To our knowledge, this is the largest study of COVID-19 vaccine uptake, safety and effectiveness in immunocompromised populations. There are some limitations in our study. Firstly, we categorised our target population using hospital records with diagnostic codes or drug prescriptions related to having an immunocompromised condition for a 6-month period before the study start date (24 months for bone marrow transplant patients), which may have led to misclassification biases. Second, due to a limited number of severe outcome cases after the fourth dose within the immunocompromised population, our assessment of vaccine effectiveness and safety was primarily centred on the effectiveness and safety of the vaccine for the initial three doses, as reflected in our subgroup analyses. Third, despite conforming with pre-defined definitions used in national reports31, classification of outcomes according to presence of a positive COVID-19 test within a specified time period before a hospital admission or death may misclassify cases where COVID-19 is an incidental finding rather than the primary reason for admission or death. Fourth, we did not investigate adverse events related to worsening or exacerbation of pre-existing immune-related conditions, which may have differed from new presentations.
In summary, we found that overall uptake of COVID-19 vaccines in immunocompromised people in England was high, but that there were disparities in uptake across different ethnic and socioeconomic groups.

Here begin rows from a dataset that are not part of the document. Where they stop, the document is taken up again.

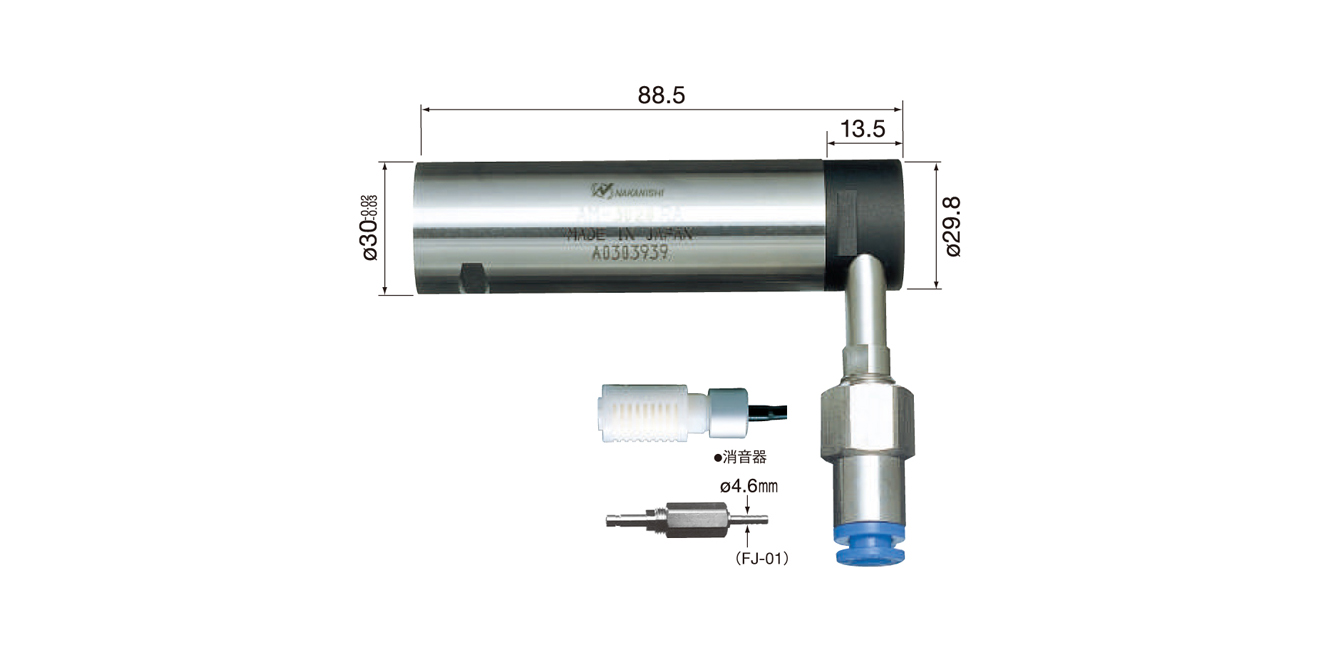 | AM-3020RA | 1799 | φ30 mm | 18000min-1(0.5MPa) | 125W | 0.3~0.5MPa | 175 Nl/min | 339 g (不含軟管) |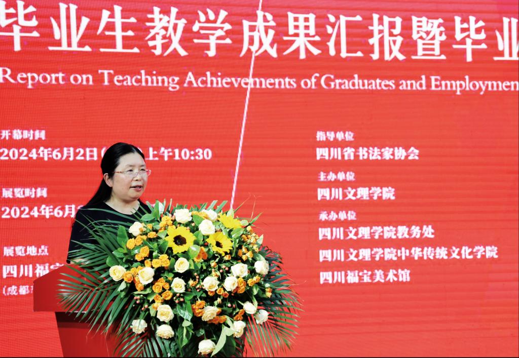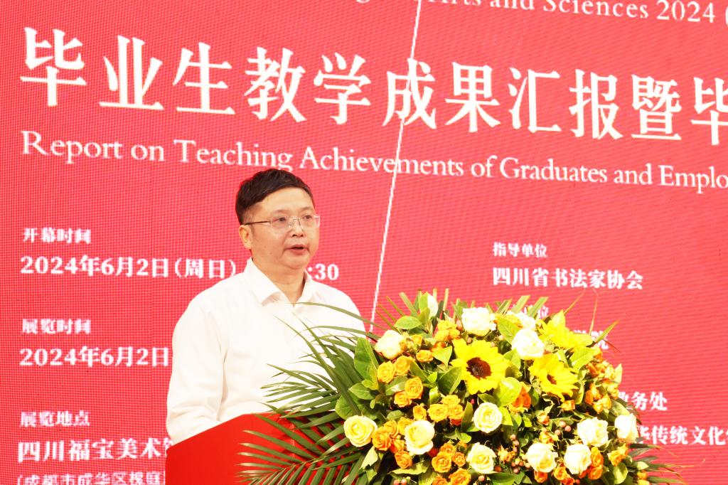6月2日,beat365“青檬流光”——2024届(首届)书法学专业毕业生教学成果汇报暨毕业生就业推介会在四川福宝美术馆举行,中国书协副主席、四川省文联副主席、四川省书协主席戴跃出席讲话并宣布活动开幕,党委书记黄涛出席,校长侯忠明致辞,副校长程碧英主持开幕式,省市书协领导、书法艺术界专家、兄弟高校书法教育工作者,以及beat365实践教育单位嘉宾和师生200余人共襄盛会。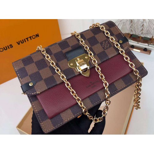 Cartera con cadena Louis Vuitton Damier Canvas Ebene Vavin Burdeos n60222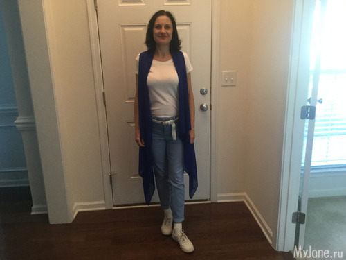 Пошла я в аптеку за лекарствами... На глаза попались мне красивые шарфики. Купила пару штучек. Один по цвету очень хорошо подошел к моим туфлям. А второй, ну очень понравися цвет! Самый мой любимый цвет! Прельстилась еще ценой, все стоило сколько долларов. Принесла домой, распаковала. Один так и оказался шарфиком, а второй оказался накидкой типа пыльника. Очень хорошо надевать поверх майки или однотонной блузки. Хотела порезать его на шарфик. Отгладила, надела, мужу понравилось. Решила оставить как есть. Вчера "выгуляла" его в колледж. Очень неплохо смотрелся с джинсами и майкой, придал им более нарядный вид.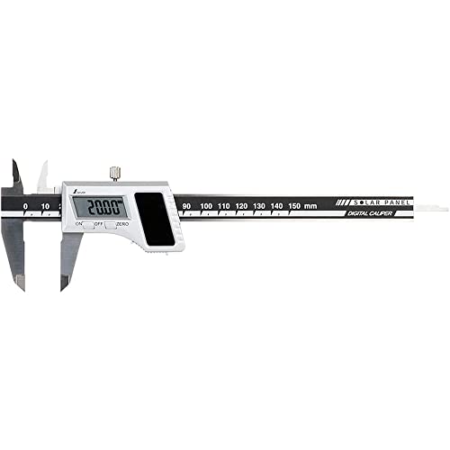 シンワ測定のデジタルノギス19983は、150mmの測定範囲を持ち、ソーラーパネル搭載で電池不要。精度は0.01mmで、使いやすい大画面表示が特長です。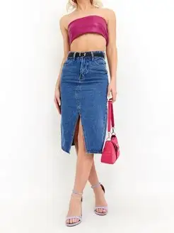 Юбка женская джинсовая длинная с разрезом миди летняя
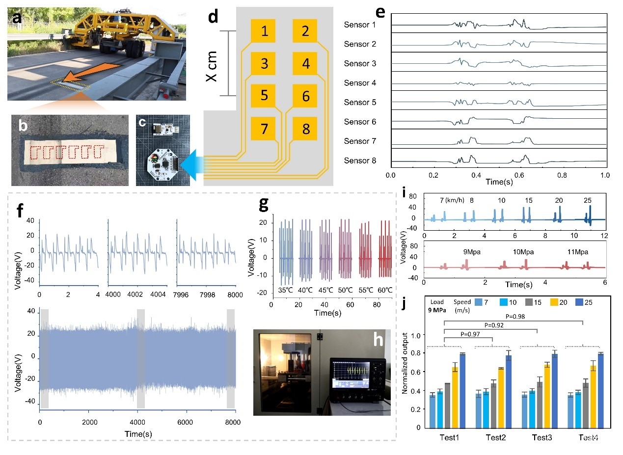 图2.对SSTI系统的测试。a. APT实验装置的图像。 b. 传感器实物的图像。c. 蓝牙模块。 d. e. TENG传感器产生的8组实时车辆信号信息。 f. 实验室的室内疲劳测试结果。传感器在超过10000次的疲劳测试中表现出稳定的输出性能。 g. 环境温度测试的结果。TENG传感器在温度持续变化时输出了稳定的电压结果。 h. 室内疲劳测试的检测仪器。 i. APT测试结果。TENG仿生传感器阵列的输出变化结果随速度和压力条件的变化而变化。 j. TENG传感数据在50次循环测试中的标准化输出。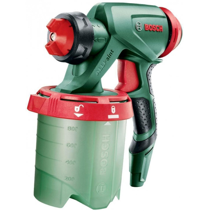 Tous ces outils de Bosch sont fabriqués dans un boîtier vert, ce qui signifie que l'appareil est destiné à un usage domestique. Dans le même temps, la réserve de marche est suffisante pour utiliser un tel pistolet pulvérisateur dans une production à petite échelle.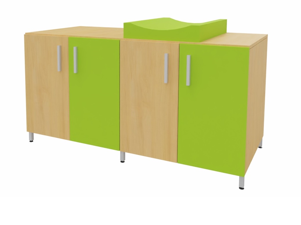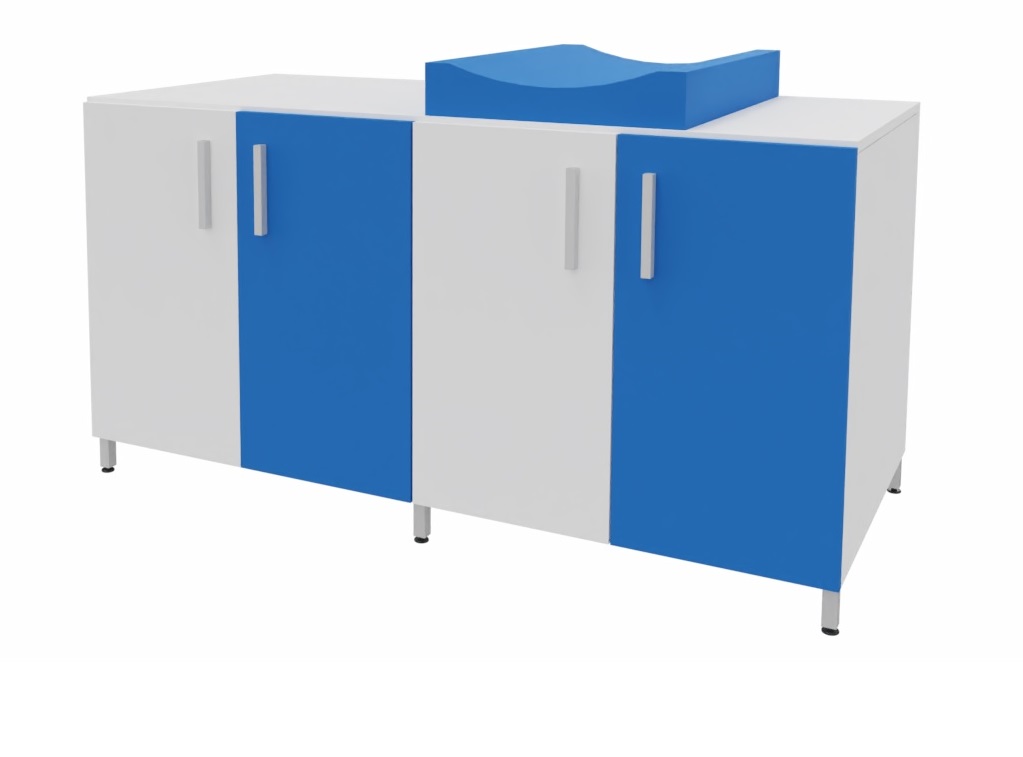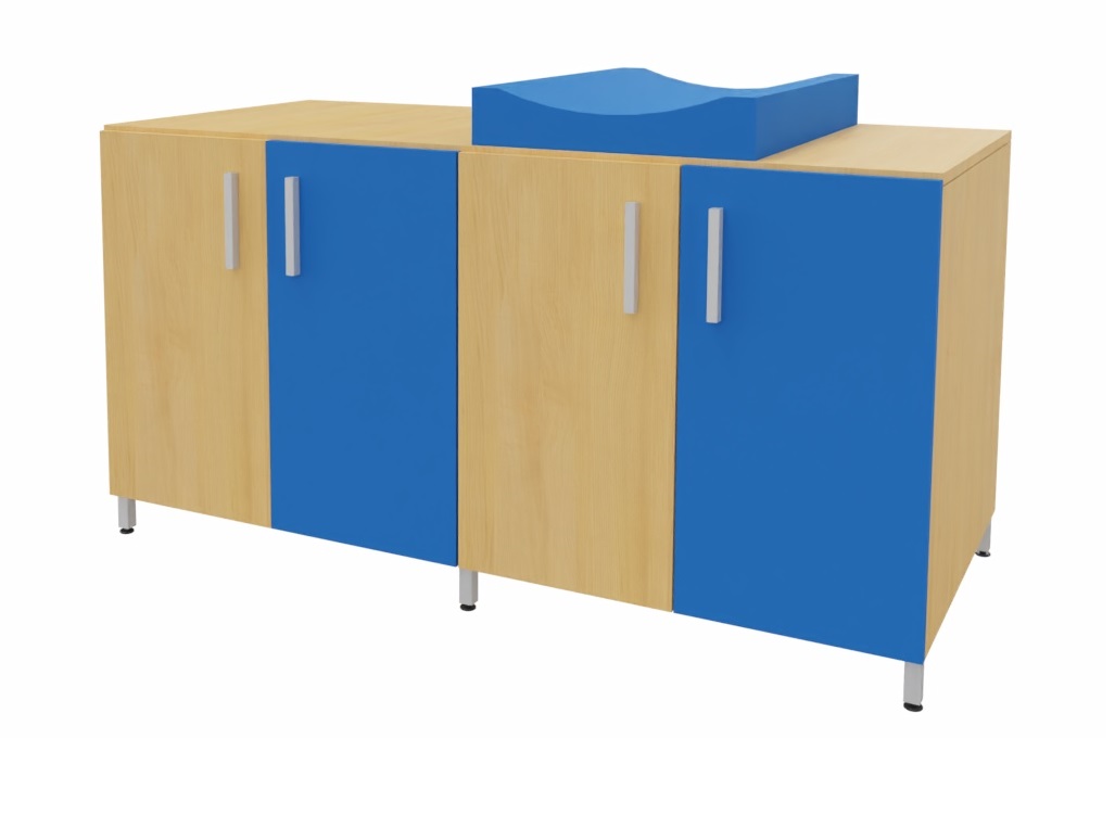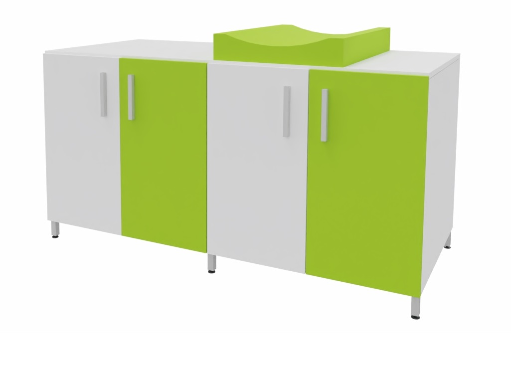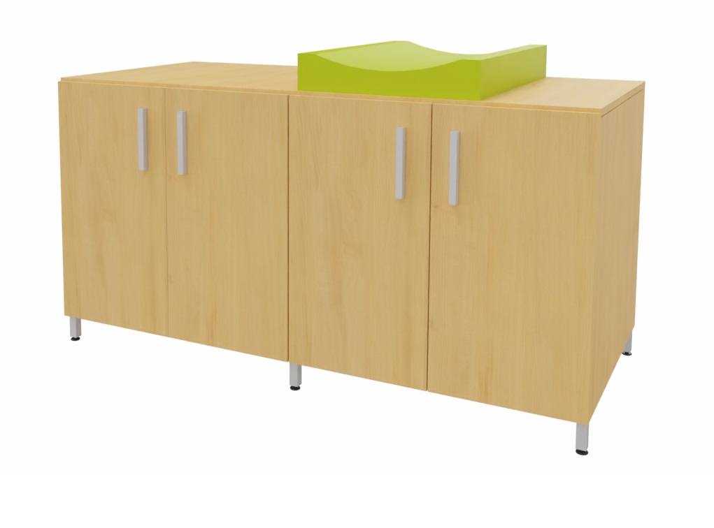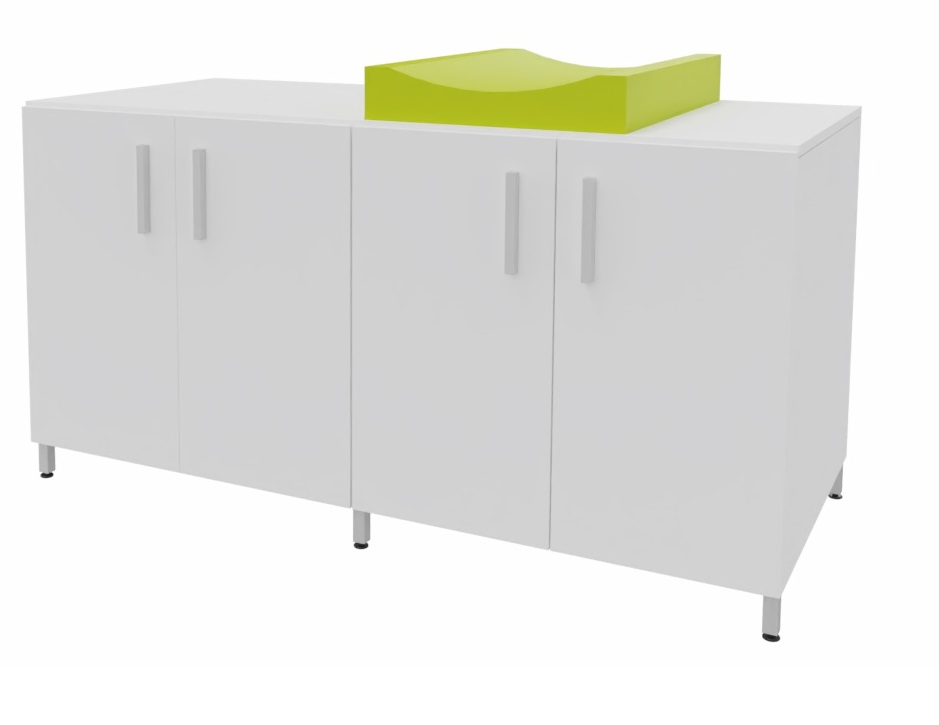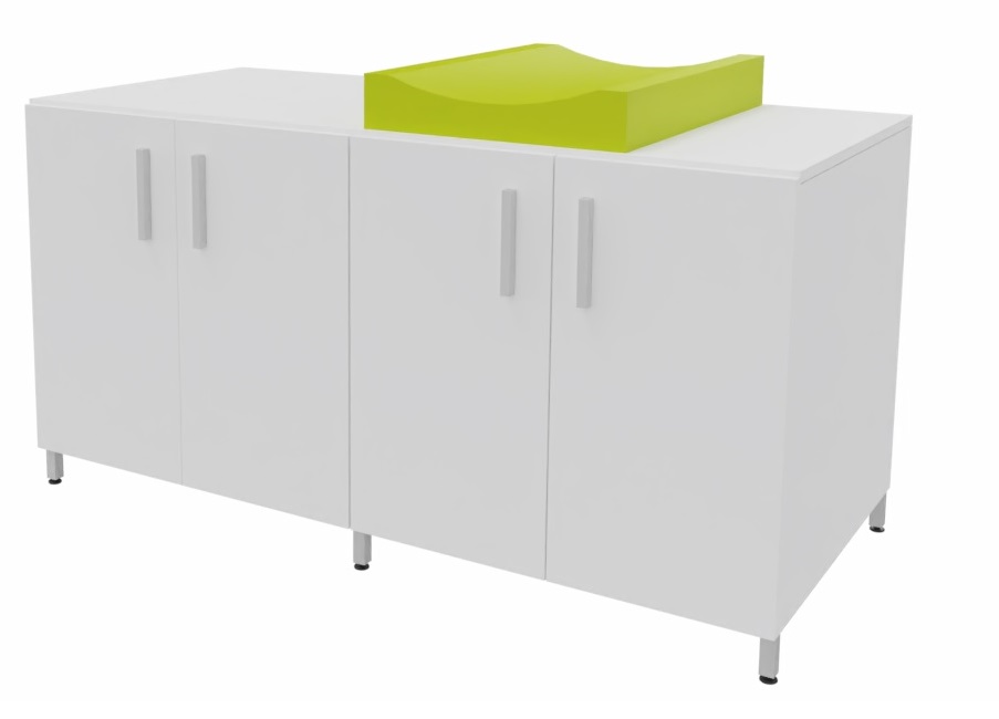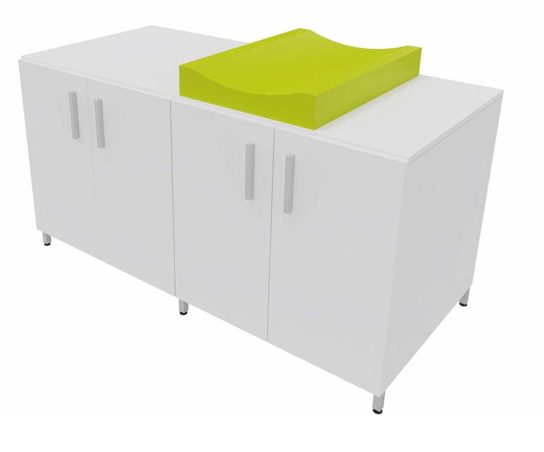 Cambiador con cuatro puertas para almacenar los pañales y productos de higiene de cada niño. El colchón de cambio curvo proporciona un doble uso, por un lado un práctico almacenaje de fácil acceso para los productos de higiene y por otro lado el lugar perfecto para realizar la higiene de los bebés. Facilita el cuidado diario de los bebés al permitir realizar el cambio de pañales sin tener que agacharse. Encimera en tablero fenólico, resistente a la humedad. Posibilidad de incorporar diferentes modelos de bañeras y fregaderos. Patas de aluminio para facilitar la limpieza. Se fabrica a medida para adaptarse a cada aseo.

We also found that two to three doses of any COVID-19 vaccine were protective against COVID-19-related hospitalisation, ICU admission and death in immunocompromised people, and that vaccine effectiveness was comparable to the general population . The safety profile of COVID-19 vaccines was found to be comparable in immunocompromised people and the general population. These findings underscore the importance of ongoing vaccination prioritisation for immunocompromised individuals to maximise the protection against severe COVID-19-related outcomes.